Today, we will re-examine the data acquired in Lab 2 to further explore the research question:

  • What genes are significantly up- or down-regulated between the patients with/without early metastasis?“

Load Data

Before we do this, go to the console and enter the command: rm(list = ls())

This will clear your environment from old object from previous labs

Good now that we have a clean slate - Recall, so far we have adjusted the chunk setting to #| eval: true first time we get some data from an online repository and then subsequently set #| eval: false.

Let’s do that in a bit nicer way.

  • T1: Create a new “Load Data” header in your document and add the below chunk:
raw_dir <- "data/_raw/"
data_file <- "gravier.RData"
data_loc <- "https://github.com/ramhiser/datamicroarray/raw/master/data/"
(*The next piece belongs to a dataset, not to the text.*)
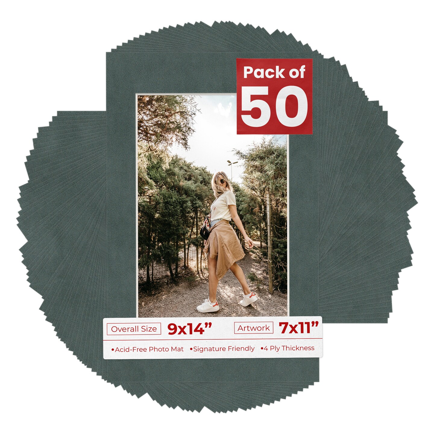 Dark Grey Suede Mat Board for 9x14 Frames - Fits 7x11 Photos
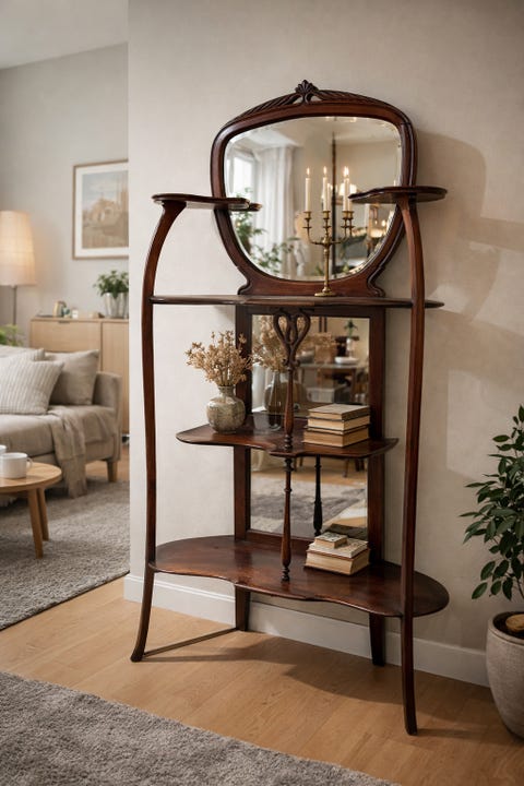 Gamle speil, stoler, lamper

if( !dir.exists(raw_dir) ){
  dir.create(path = raw_dir)
}
if( !file.exists(str_c(raw_dir, data_file)) ){
  download.file(
    url = str_c(data_loc, data_file),
    destfile = str_c(raw_dir, data_file))
}
load(file = str_c(raw_dir, data_file))
  • Q1: In your group, discuss, what is going on here? Make sure you follow the difference between the first time you run this and the second!

Click here for hint

We have used the str_c() function before, try running e.g.:

x <- "a"
y <- "b"
str_c(x, y)

For the functions dir.exists() and file.exists(), the hint is in the title, they return logicals. To get a better understanding of this, try running e.g.:

x <- 2
x == 2
if( x == 2 ){
  print("Yes!")
}

Then change x == 2 to x != 2, re-run the code and see what happens

Clean Data

The next step is to clean up the data:

  1. Use the ls() function to see what objects you have in your environment
  2. Use the str() function on the gravier data you retrieved to answer:
  • Q2: Discuss in your group if this is tidy data?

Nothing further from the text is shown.